┌─ EXTRACTED RECORDS

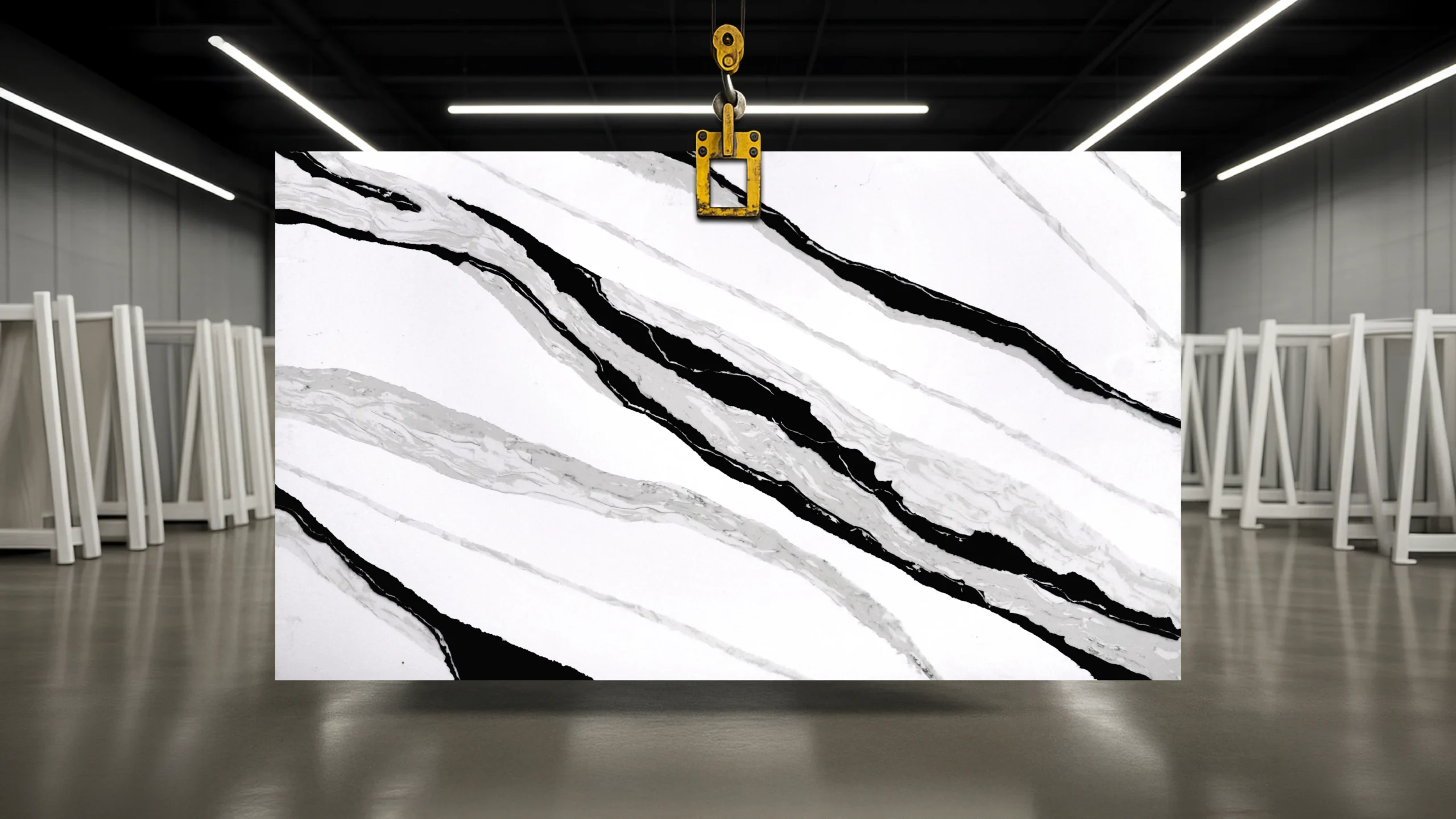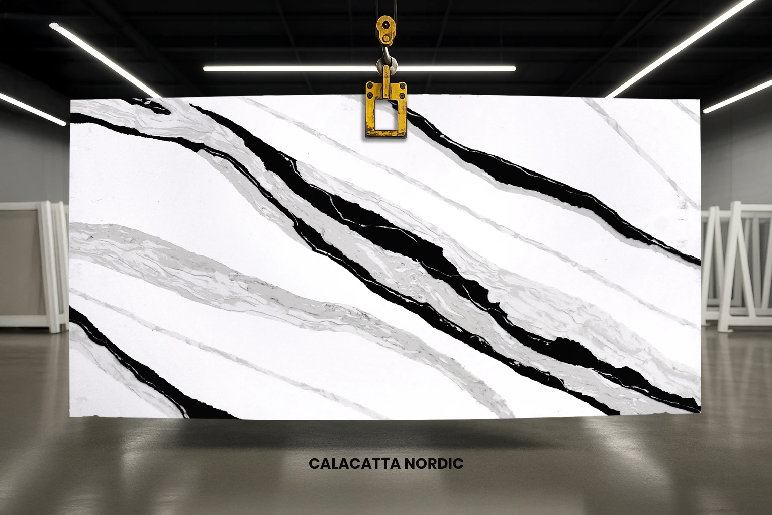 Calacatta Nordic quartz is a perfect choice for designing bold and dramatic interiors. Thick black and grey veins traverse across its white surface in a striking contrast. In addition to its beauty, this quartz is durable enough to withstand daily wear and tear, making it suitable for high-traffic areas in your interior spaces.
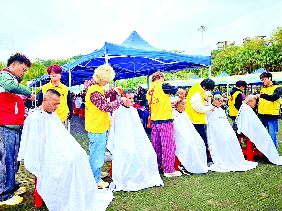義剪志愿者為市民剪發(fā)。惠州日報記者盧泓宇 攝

└─
┌─ EXTRACTED RECORDS

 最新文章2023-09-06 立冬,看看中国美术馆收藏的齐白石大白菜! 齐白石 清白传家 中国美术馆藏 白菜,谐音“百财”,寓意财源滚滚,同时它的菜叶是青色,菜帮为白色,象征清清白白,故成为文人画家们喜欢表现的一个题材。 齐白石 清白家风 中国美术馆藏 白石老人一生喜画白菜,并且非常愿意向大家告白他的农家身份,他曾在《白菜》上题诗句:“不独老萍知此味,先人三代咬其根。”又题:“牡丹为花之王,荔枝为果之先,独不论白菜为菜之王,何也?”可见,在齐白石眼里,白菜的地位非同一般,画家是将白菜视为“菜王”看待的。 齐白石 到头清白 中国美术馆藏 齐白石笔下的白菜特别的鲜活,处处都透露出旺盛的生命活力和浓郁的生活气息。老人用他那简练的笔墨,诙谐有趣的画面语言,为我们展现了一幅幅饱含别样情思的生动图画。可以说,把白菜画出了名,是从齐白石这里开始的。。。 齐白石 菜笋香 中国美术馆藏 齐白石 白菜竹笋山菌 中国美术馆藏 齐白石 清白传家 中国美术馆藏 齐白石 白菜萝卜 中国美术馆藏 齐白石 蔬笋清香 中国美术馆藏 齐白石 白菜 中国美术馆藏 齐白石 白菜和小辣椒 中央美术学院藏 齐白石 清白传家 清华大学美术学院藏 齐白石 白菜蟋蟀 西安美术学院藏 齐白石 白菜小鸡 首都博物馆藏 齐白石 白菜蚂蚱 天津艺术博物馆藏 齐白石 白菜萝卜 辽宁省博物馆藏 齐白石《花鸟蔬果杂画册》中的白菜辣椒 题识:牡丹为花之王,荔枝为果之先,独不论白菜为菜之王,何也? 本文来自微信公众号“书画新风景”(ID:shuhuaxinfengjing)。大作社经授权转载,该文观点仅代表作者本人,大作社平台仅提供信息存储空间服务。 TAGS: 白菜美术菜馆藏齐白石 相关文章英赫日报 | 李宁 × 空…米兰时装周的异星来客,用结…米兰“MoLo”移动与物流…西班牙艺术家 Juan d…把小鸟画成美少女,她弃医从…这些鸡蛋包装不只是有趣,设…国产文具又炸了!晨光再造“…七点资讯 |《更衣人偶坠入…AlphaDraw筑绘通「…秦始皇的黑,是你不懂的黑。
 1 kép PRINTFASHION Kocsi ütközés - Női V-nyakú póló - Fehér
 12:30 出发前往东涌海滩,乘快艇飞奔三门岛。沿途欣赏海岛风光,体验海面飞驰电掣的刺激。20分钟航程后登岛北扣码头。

└─

| ABOUT THIS EXERCISE |
Scan the records above for the lines holding "最新文章2023-09-06 立冬,看看中国美术馆收藏的齐白石大白菜! 齐白石" and "12:30 出发前往东涌海滩". Transcribe those two and every line between them word for word, and no others.

| RESULT |
 最新文章2023-09-06 立冬,看看中国美术馆收藏的齐白石大白菜! 齐白石 清白传家 中国美术馆藏 白菜,谐音“百财”,寓意财源滚滚,同时它的菜叶是青色,菜帮为白色,象征清清白白,故成为文人画家们喜欢表现的一个题材。 齐白石 清白家风 中国美术馆藏 白石老人一生喜画白菜,并且非常愿意向大家告白他的农家身份,他曾在《白菜》上题诗句:“不独老萍知此味,先人三代咬其根。”又题:“牡丹为花之王,荔枝为果之先,独不论白菜为菜之王,何也?”可见,在齐白石眼里,白菜的地位非同一般,画家是将白菜视为“菜王”看待的。 齐白石 到头清白 中国美术馆藏 齐白石笔下的白菜特别的鲜活,处处都透露出旺盛的生命活力和浓郁的生活气息。老人用他那简练的笔墨,诙谐有趣的画面语言,为我们展现了一幅幅饱含别样情思的生动图画。可以说,把白菜画出了名,是从齐白石这里开始的。。。 齐白石 菜笋香 中国美术馆藏 齐白石 白菜竹笋山菌 中国美术馆藏 齐白石 清白传家 中国美术馆藏 齐白石 白菜萝卜 中国美术馆藏 齐白石 蔬笋清香 中国美术馆藏 齐白石 白菜 中国美术馆藏 齐白石 白菜和小辣椒 中央美术学院藏 齐白石 清白传家 清华大学美术学院藏 齐白石 白菜蟋蟀 西安美术学院藏 齐白石 白菜小鸡 首都博物馆藏 齐白石 白菜蚂蚱 天津艺术博物馆藏 齐白石 白菜萝卜 辽宁省博物馆藏 齐白石《花鸟蔬果杂画册》中的白菜辣椒 题识:牡丹为花之王,荔枝为果之先,独不论白菜为菜之王,何也? 本文来自微信公众号“书画新风景”(ID:shuhuaxinfengjing)。大作社经授权转载,该文观点仅代表作者本人,大作社平台仅提供信息存储空间服务。 TAGS: 白菜美术菜馆藏齐白石 相关文章英赫日报 | 李宁 × 空…米兰时装周的异星来客,用结…米兰“MoLo”移动与物流…西班牙艺术家 Juan d…把小鸟画成美少女,她弃医从…这些鸡蛋包装不只是有趣,设…国产文具又炸了!晨光再造“…七点资讯 |《更衣人偶坠入…AlphaDraw筑绘通「…秦始皇的黑,是你不懂的黑。
 1 kép PRINTFASHION Kocsi ütközés - Női V-nyakú póló - Fehér
 12:30 出发前往东涌海滩,乘快艇飞奔三门岛。沿途欣赏海岛风光,体验海面飞驰电掣的刺激。20分钟航程后登岛北扣码头。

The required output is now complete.